Your answer is the lines below, exactly, from the one that contains "No insect is" through the one that contains "Byt se nachází", both included.

◆ Supplied information ◆
★ ★ ★ ★ ★
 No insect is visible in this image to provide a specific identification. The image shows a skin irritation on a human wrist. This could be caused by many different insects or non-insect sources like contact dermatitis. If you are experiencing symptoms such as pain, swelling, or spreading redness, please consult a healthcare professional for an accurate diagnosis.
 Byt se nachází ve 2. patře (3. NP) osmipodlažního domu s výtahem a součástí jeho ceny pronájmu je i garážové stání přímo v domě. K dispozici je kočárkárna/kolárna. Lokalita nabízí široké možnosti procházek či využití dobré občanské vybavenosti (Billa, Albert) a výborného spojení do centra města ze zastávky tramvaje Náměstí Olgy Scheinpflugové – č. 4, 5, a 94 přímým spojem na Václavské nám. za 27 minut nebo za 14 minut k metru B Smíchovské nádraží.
★ ★ ★ ★ ★
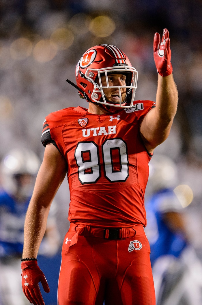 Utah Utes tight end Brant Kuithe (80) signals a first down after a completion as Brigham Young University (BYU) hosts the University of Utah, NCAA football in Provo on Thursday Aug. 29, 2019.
★ ★ ★ ★ ★
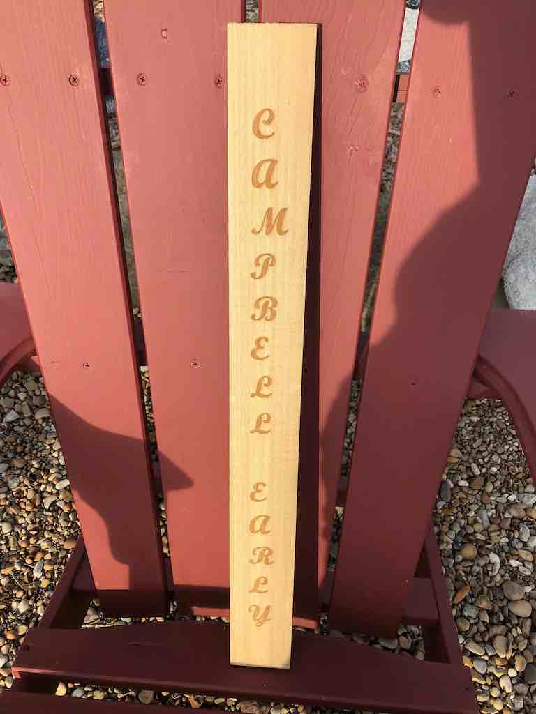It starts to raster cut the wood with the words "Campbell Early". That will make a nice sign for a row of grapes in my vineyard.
★ ★ ★ ★ ★
◆ Result below ◆
 No insect is visible in this image to provide a specific identification. The image shows a skin irritation on a human wrist. This could be caused by many different insects or non-insect sources like contact dermatitis. If you are experiencing symptoms such as pain, swelling, or spreading redness, please consult a healthcare professional for an accurate diagnosis.
 Byt se nachází ve 2. patře (3. NP) osmipodlažního domu s výtahem a součástí jeho ceny pronájmu je i garážové stání přímo v domě. K dispozici je kočárkárna/kolárna. Lokalita nabízí široké možnosti procházek či využití dobré občanské vybavenosti (Billa, Albert) a výborného spojení do centra města ze zastávky tramvaje Náměstí Olgy Scheinpflugové – č. 4, 5, a 94 přímým spojem na Václavské nám. za 27 minut nebo za 14 minut k metru B Smíchovské nádraží.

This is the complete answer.